Task directions: Your answer should contain only the lines from the top of the data below down through the one with "A Escola Superior", transcribed exactly and without pictures; please include nothing more.

(Data items)
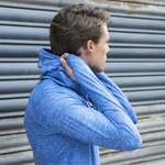 • Reflective tab on back of neck helps keep ear phone cords in place. Toggled hood.
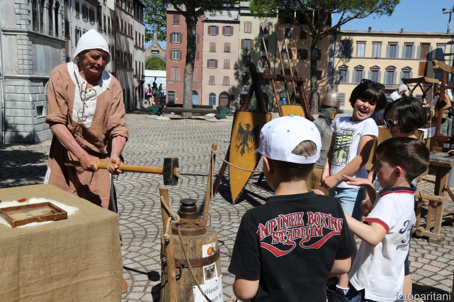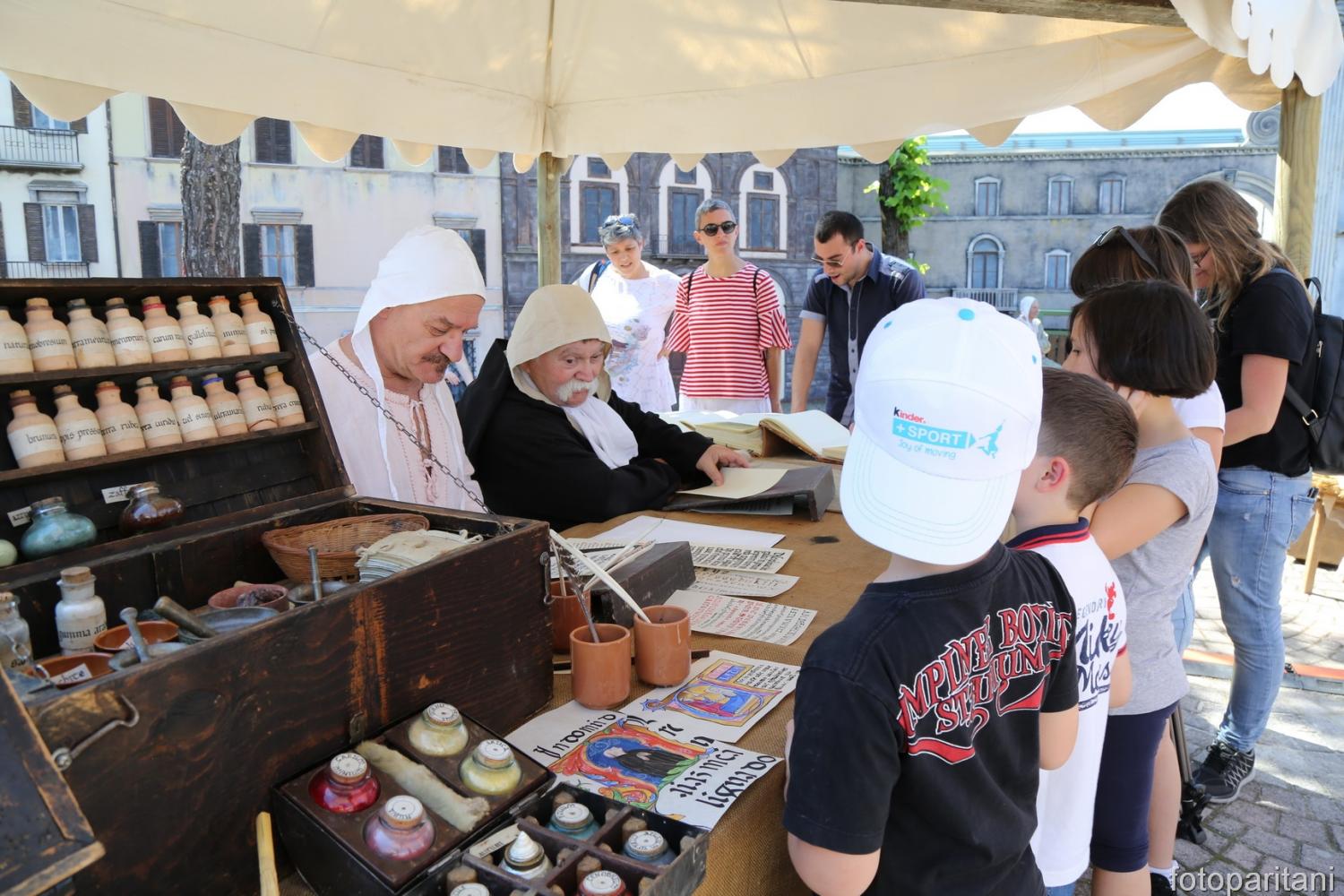Nella splendida cornice di Piazza Italia trasformata in un mercato medievale, potrai vedere da vicino come veniva coniata una moneta ai tempi del medioevo, le tecniche per realizzare un anello, imparare a costruire una penna d’oca per scrivere su una pergamena e come realizzare una spazzola per pulire gli animali.
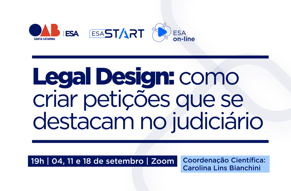 A Escola Superior da Advocacia da OAB/SC promove, nos dias 4, 11 e 18 de setembro, sempre às 19h, o curso online “Legal Design: como criar petições que se destacam no Judiciário”. Com carga horária total de 6 horas/aula, a formação será online, pela plataforma Zoom e trará ferramentas práticas para tornar a produção de documentos jurídicos mais claros, objetivos e persuasivos.
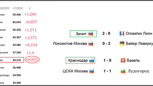 Завершился групповой этап еврокубков, и настало время подсчитать количество баллов, которые наши команды принесли России в таблице коэффициентов УЕФА с начала нынешнего сезона. Всего от России в еврокубках стартовали 5 команд: "Зенит", "Спартак", "Локомотив", "Сочи" и "Рубин". Для начала нужно напомнить, как начисляются баллы в еврокубках: Для расчета рейтинга ассоциации общее количество баллов, набранное всеми ее командами, суммируется и потом делится на количество команд, изначально участвовавших от данной ассоциации в еврокубках (в нашем случае число команд будет равно 5)...
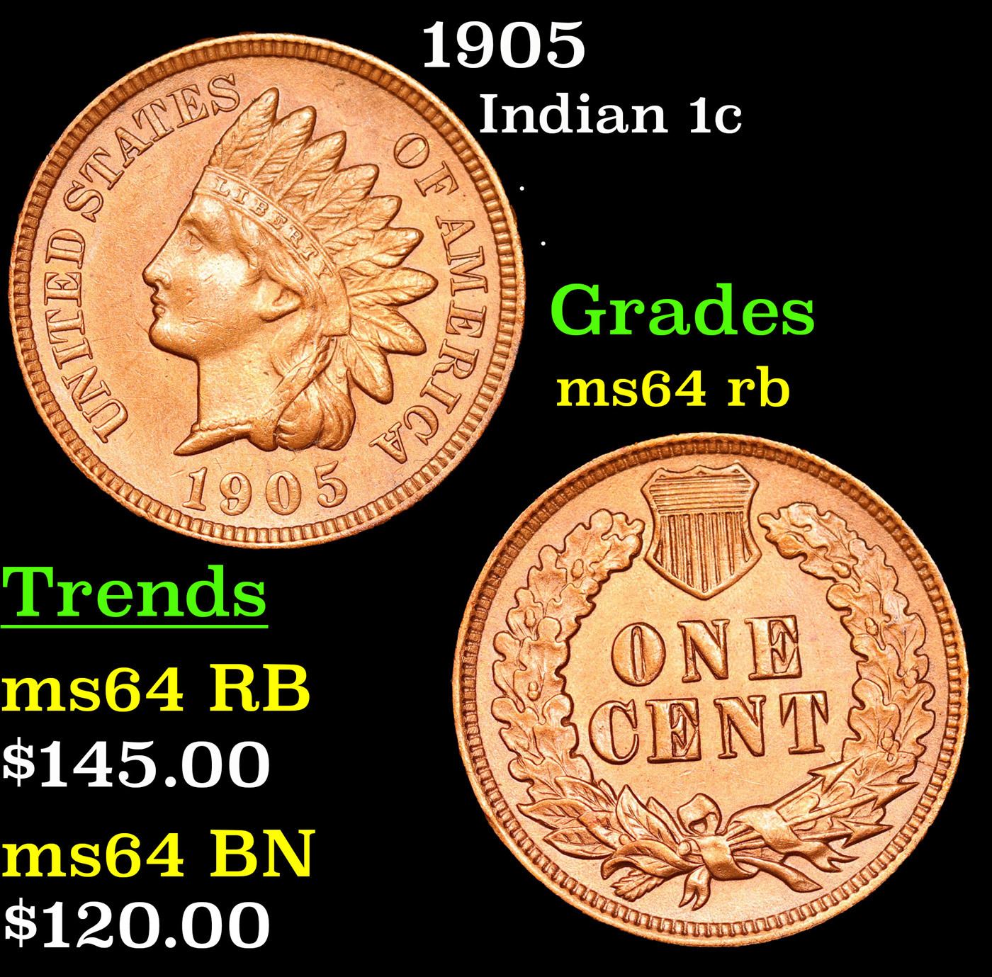 1905 Indian Cent 1c Grades Choice Unc RB.
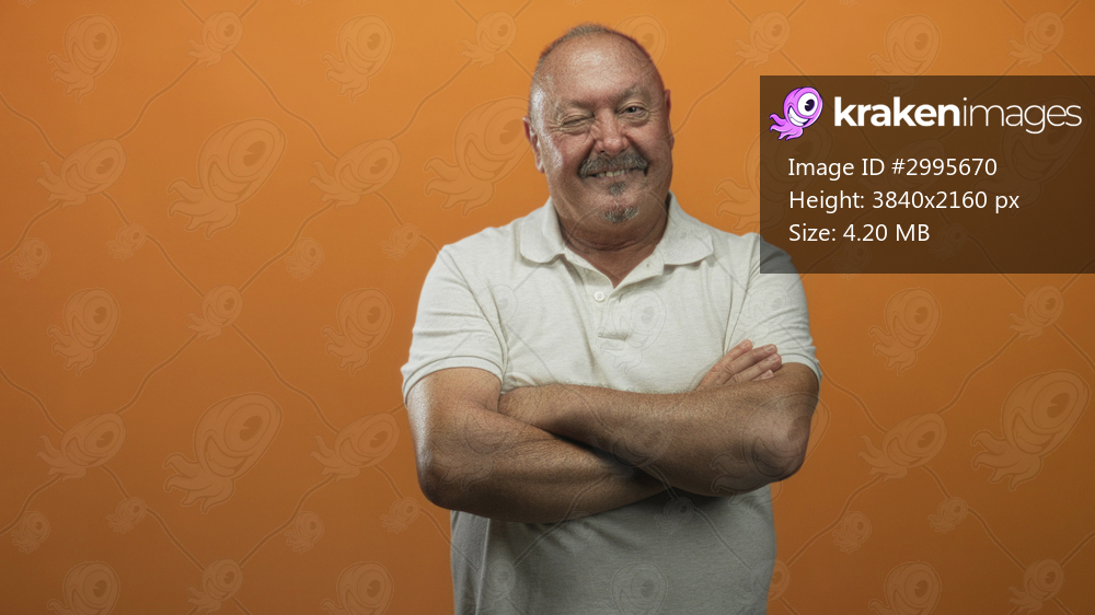 Man with crossed arms and slight smile wearing white polo shirt in studio with orange backdrop; confidence resilience.
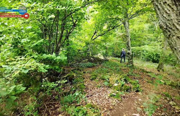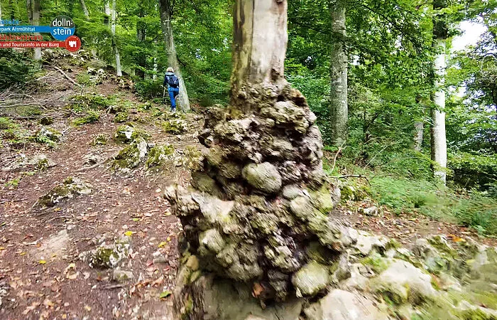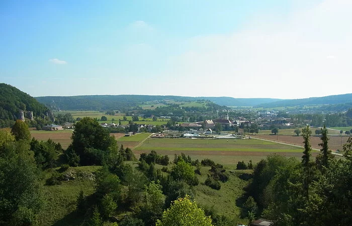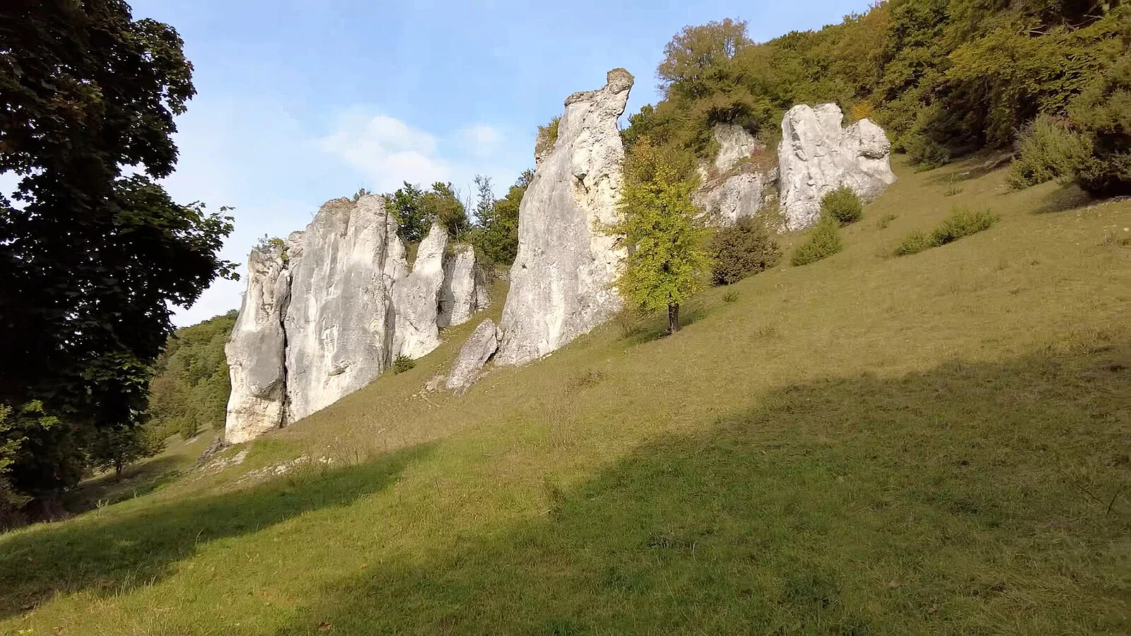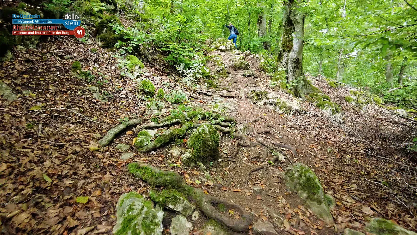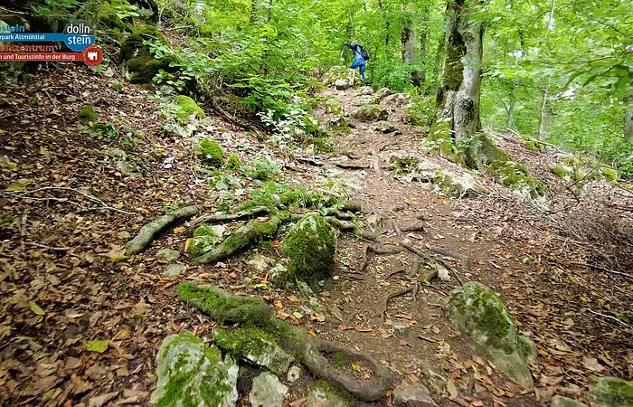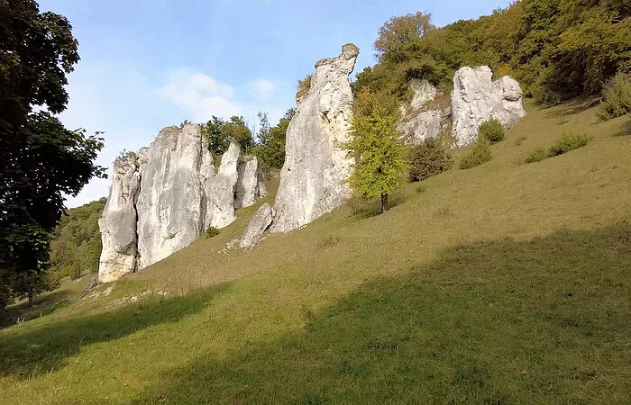 Anschließend steigen wir steil hinunter zum Burgstein (453 m), einem der schönsten Geotope Bayerns. An der Kapelle zum Burgstein folgt man dem Pfad nach rechts. Dort orientiert man sich flussaufwärts und wandert unterhalb von Trockenhängen und schroffen Kalkfelsen den schönen Fußweg entlang. Anschließend treffen wir wieder auf den Maderfelsen und wandern auf dem bereits bekannten Weg zum Ausgangspunkt zurück.
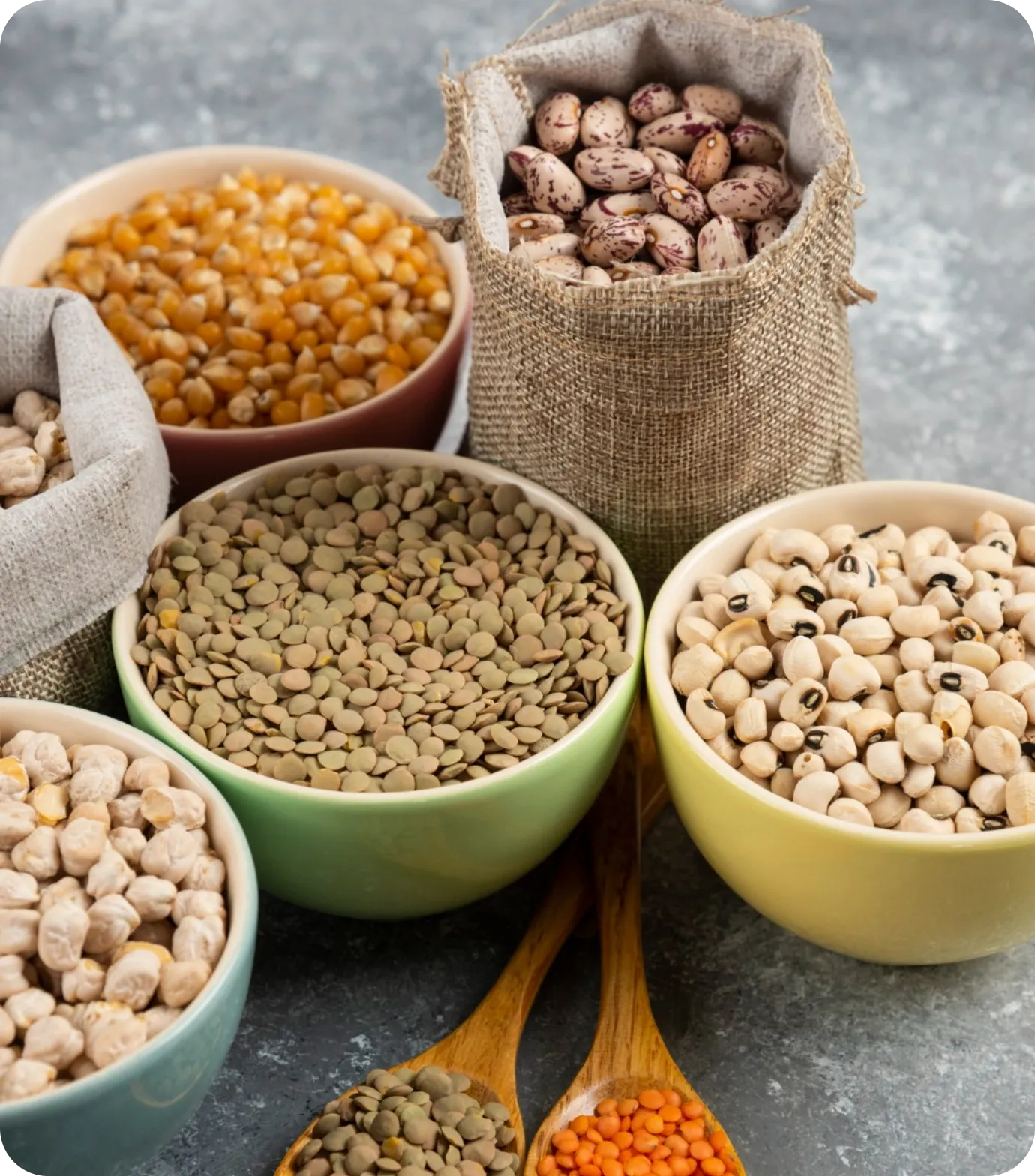 – Includes staples like Toor Dal, Moong Dal, Masoor Dal, Chana Dal, Urad Dal, etc., used in traditional Indian cooking.
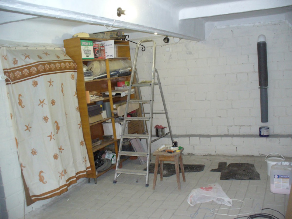 Пока занимался благоустройством основного помещения, периодически заныривал в подвал-осмотреть и обдумать план действий. Раньше, во всех моих гаражах влаги в подвале не наблюдал. С подобным столкнулся в первые. Предыдущие гаражи все строил сам и вентиляцию закладывал по стандарту-две трубы на помещение, приток до пола, отток из под потолка. Все всегда работало. Было в помещениях сухо и присутствовал свежий воздух. В этом гараже решил идти по накатанной. Определюсь с помещениями, сделаю вентиляцию и все будет хорошо.
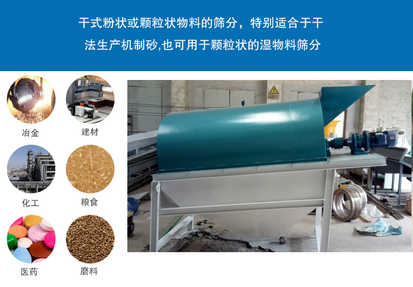 圓筒篩主要是針對物料的顆粒大小進行分級,在篩分潮濕性、粘附性的物料中優勢突出,可以達到不粘網、不堵孔的目的,圓筒篩可廣泛應用于冶金、建材、化工、糧食、醫藥、磨料及化肥等行業的干式粉狀或顆粒狀物料的篩分,特別適合于干 法生產機制砂,也可用于顆粒狀的濕物料篩分。
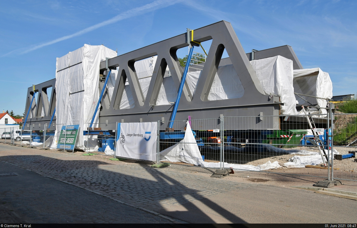 Wegen der Großbaustelle in Halle (Saale) gibt es - abgesehen von der Bedienung von Anschlüssen - in diesem Jahr hier keinen Güterverkehr. Insofern nimmt man an markanten Standorten auch mal den einen oder anderen Abellio-Hamster mit.
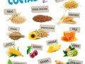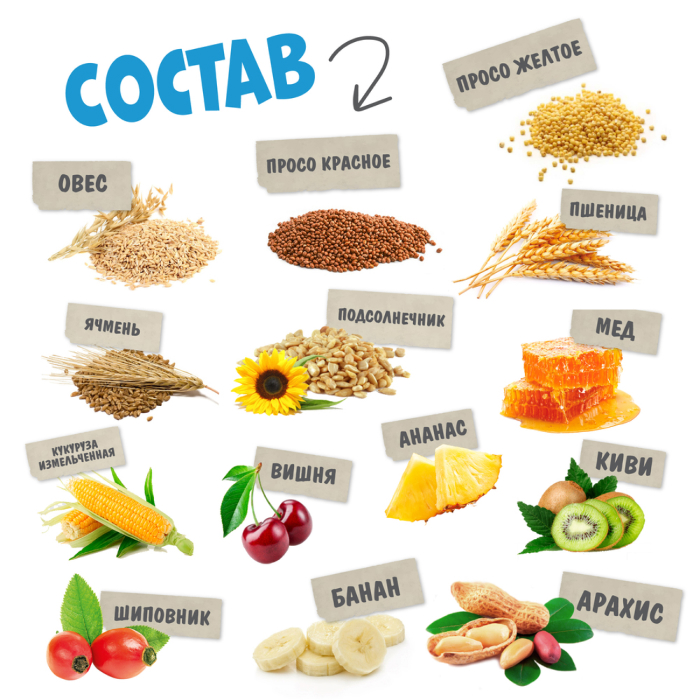 просо жёлтое, просо красное, пшеница, ячмень, овёс, подсолнечник, кукуруза измельчённая, мёд, ягоды (вишня, шиповник), орех (арахис), тропические фрукты (банан, киви, ананас).

Answer space:
 • Reflective tab on back of neck helps keep ear phone cords in place. Toggled hood.
Nella splendida cornice di Piazza Italia trasformata in un mercato medievale, potrai vedere da vicino come veniva coniata una moneta ai tempi del medioevo, le tecniche per realizzare un anello, imparare a costruire una penna d’oca per scrivere su una pergamena e come realizzare una spazzola per pulire gli animali.
 A Escola Superior da Advocacia da OAB/SC promove, nos dias 4, 11 e 18 de setembro, sempre às 19h, o curso online “Legal Design: como criar petições que se destacam no Judiciário”. Com carga horária total de 6 horas/aula, a formação será online, pela plataforma Zoom e trará ferramentas práticas para tornar a produção de documentos jurídicos mais claros, objetivos e persuasivos.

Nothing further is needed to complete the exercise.